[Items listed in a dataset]
☆ ☆ ☆ ☆
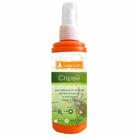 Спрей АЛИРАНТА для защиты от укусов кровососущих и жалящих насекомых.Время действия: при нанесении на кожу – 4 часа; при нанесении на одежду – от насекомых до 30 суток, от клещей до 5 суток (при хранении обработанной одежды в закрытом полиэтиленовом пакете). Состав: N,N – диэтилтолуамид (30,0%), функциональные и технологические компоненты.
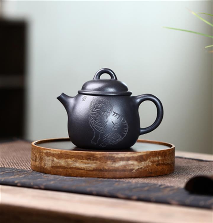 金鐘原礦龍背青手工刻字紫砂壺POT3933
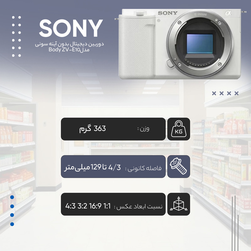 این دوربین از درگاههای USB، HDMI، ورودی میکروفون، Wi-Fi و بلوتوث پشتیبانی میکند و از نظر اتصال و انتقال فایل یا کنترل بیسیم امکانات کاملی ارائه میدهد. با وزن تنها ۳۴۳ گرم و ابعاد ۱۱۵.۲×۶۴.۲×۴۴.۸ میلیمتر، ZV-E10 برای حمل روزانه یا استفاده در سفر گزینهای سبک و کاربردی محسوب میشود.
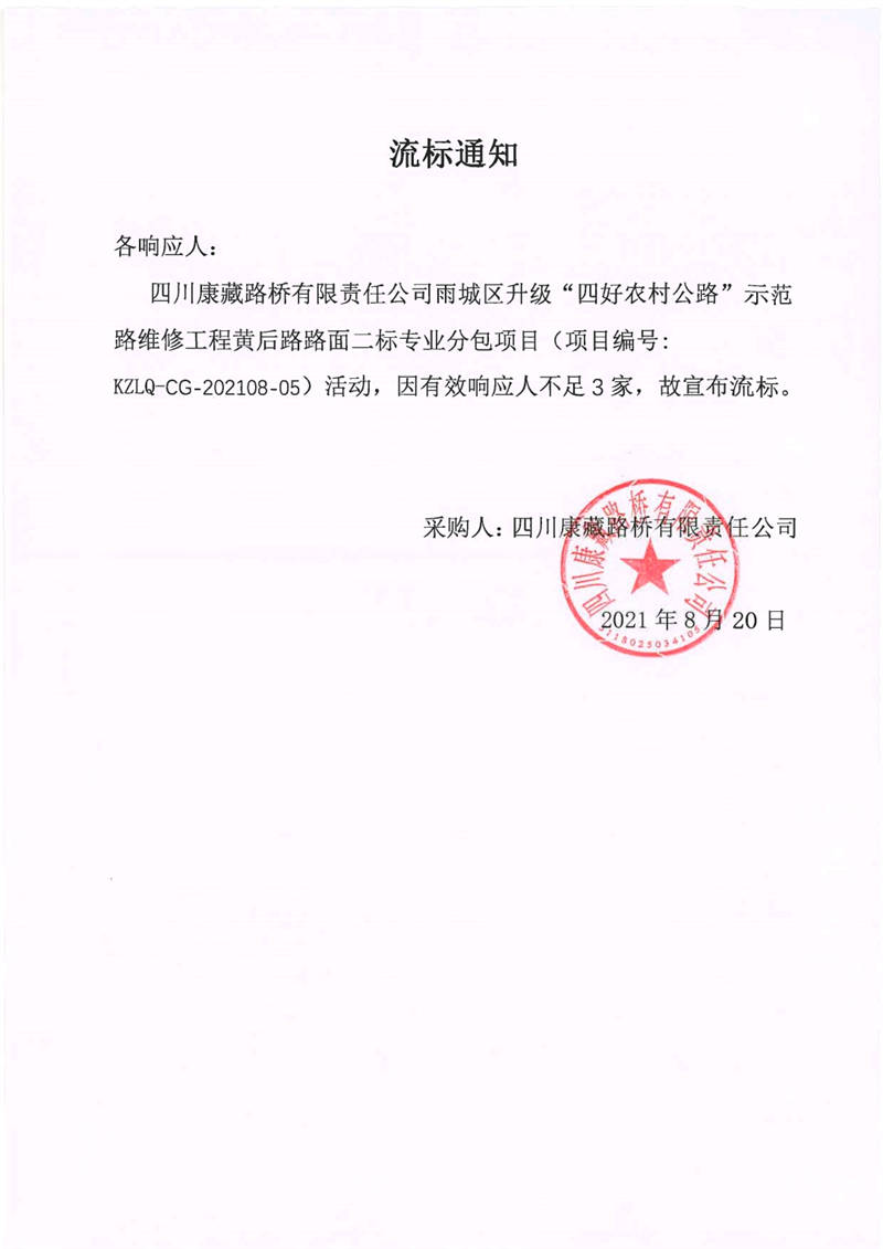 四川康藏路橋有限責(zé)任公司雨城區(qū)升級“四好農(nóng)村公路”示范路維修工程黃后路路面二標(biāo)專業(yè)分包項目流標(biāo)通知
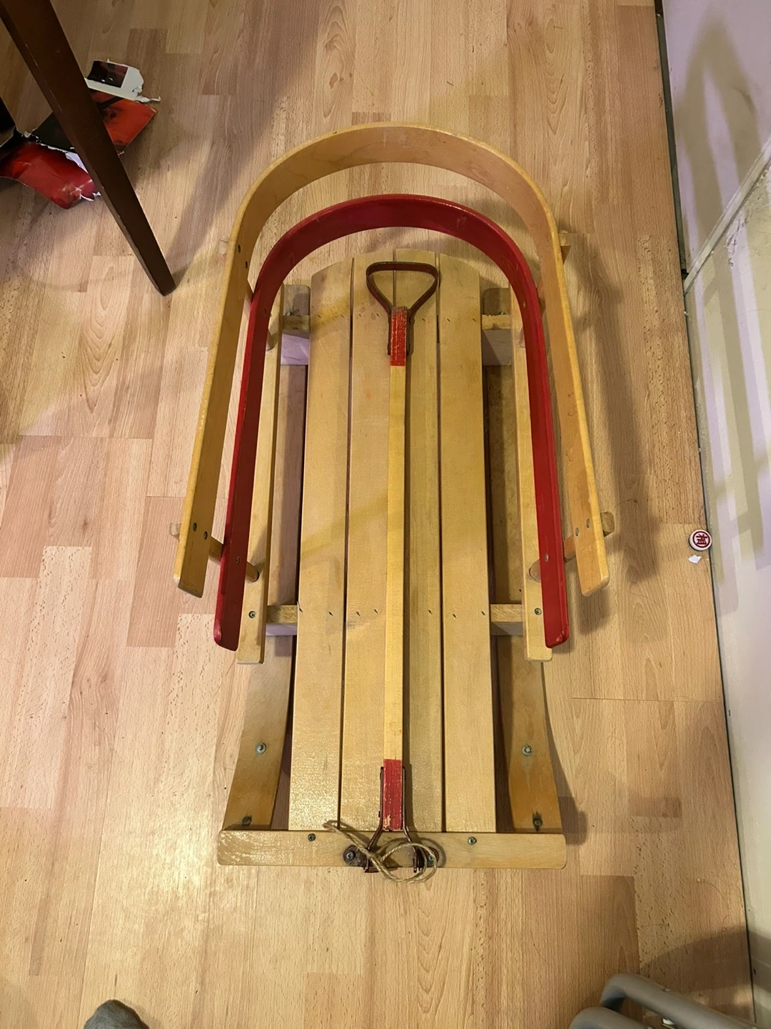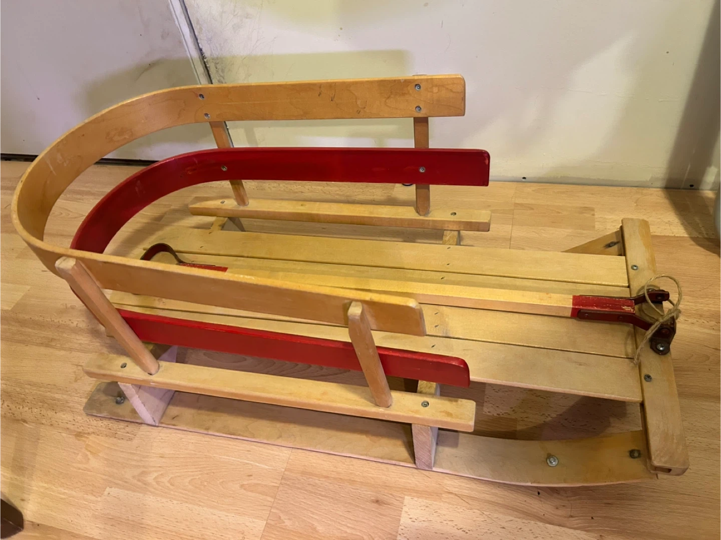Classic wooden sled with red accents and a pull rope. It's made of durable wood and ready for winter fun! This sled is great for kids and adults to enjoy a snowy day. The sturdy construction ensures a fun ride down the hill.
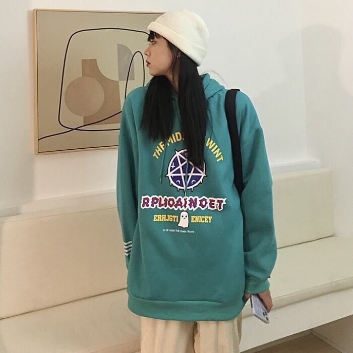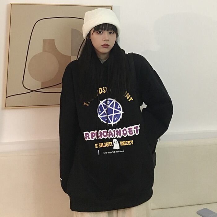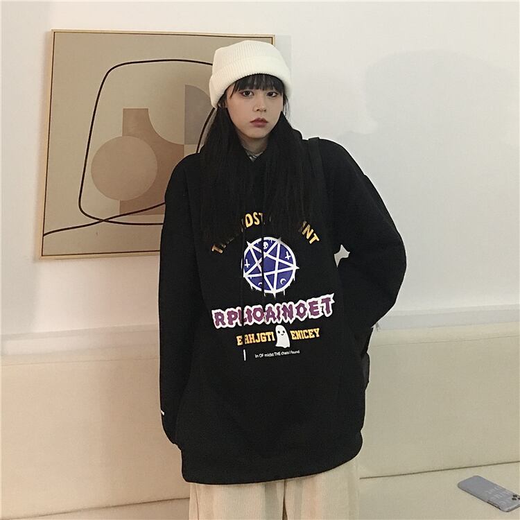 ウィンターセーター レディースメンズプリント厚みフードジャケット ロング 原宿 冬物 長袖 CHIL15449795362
☆ ☆ ☆ ☆
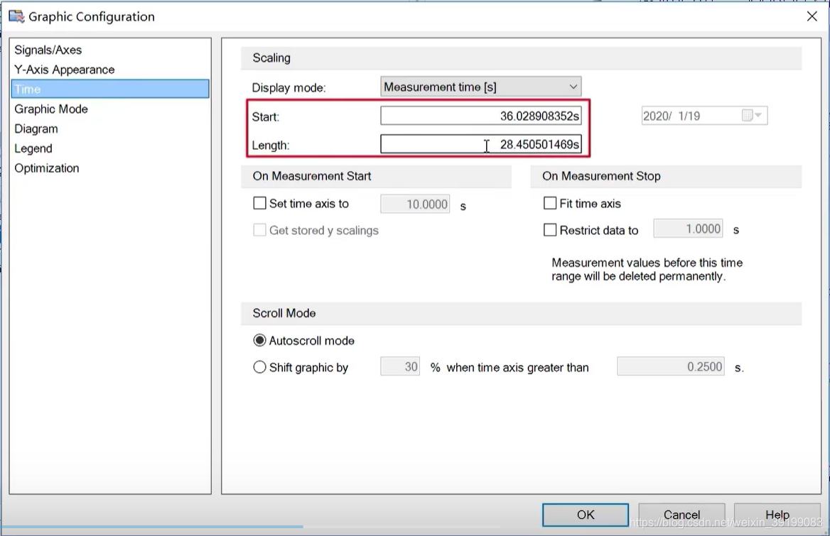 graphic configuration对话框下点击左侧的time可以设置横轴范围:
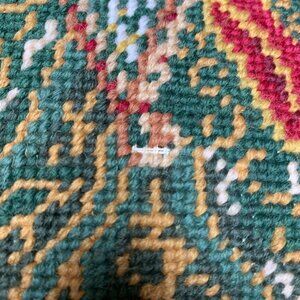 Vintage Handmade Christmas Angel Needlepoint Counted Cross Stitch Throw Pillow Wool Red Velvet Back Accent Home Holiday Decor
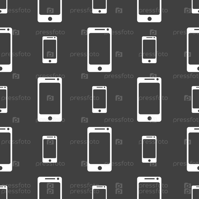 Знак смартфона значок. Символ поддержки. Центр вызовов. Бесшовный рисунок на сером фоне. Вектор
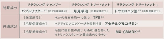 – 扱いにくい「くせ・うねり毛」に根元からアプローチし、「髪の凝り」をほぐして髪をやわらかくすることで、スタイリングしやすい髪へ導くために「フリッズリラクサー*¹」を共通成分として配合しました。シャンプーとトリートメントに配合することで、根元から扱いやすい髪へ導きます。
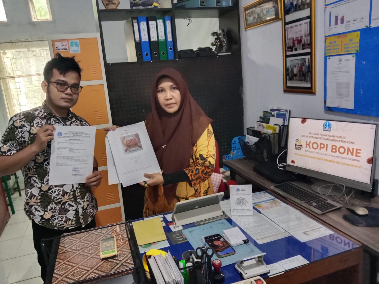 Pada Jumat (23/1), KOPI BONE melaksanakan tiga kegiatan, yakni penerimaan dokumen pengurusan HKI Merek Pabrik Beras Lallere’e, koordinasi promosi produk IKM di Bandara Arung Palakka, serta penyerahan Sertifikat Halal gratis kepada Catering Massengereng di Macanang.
☆ ☆ ☆ ☆
What you should do:
Look above for the line with "Спрей АЛИРАНТА для" and the line with "ウィンターセーター レディースメンズプリント厚みフードジャケット ロング". Give again exactly those two lines and all lines between them, pictures excluded.

Exercise result:
 Спрей АЛИРАНТА для защиты от укусов кровососущих и жалящих насекомых.Время действия: при нанесении на кожу – 4 часа; при нанесении на одежду – от насекомых до 30 суток, от клещей до 5 суток (при хранении обработанной одежды в закрытом полиэтиленовом пакете). Состав: N,N – диэтилтолуамид (30,0%), функциональные и технологические компоненты.
 金鐘原礦龍背青手工刻字紫砂壺POT3933
 این دوربین از درگاههای USB، HDMI، ورودی میکروفون، Wi-Fi و بلوتوث پشتیبانی میکند و از نظر اتصال و انتقال فایل یا کنترل بیسیم امکانات کاملی ارائه میدهد. با وزن تنها ۳۴۳ گرم و ابعاد ۱۱۵.۲×۶۴.۲×۴۴.۸ میلیمتر، ZV-E10 برای حمل روزانه یا استفاده در سفر گزینهای سبک و کاربردی محسوب میشود.
 四川康藏路橋有限責(zé)任公司雨城區(qū)升級“四好農(nóng)村公路”示范路維修工程黃后路路面二標(biāo)專業(yè)分包項目流標(biāo)通知
Classic wooden sled with red accents and a pull rope. It's made of durable wood and ready for winter fun! This sled is great for kids and adults to enjoy a snowy day. The sturdy construction ensures a fun ride down the hill.
 ウィンターセーター レディースメンズプリント厚みフードジャケット ロング 原宿 冬物 長袖 CHIL15449795362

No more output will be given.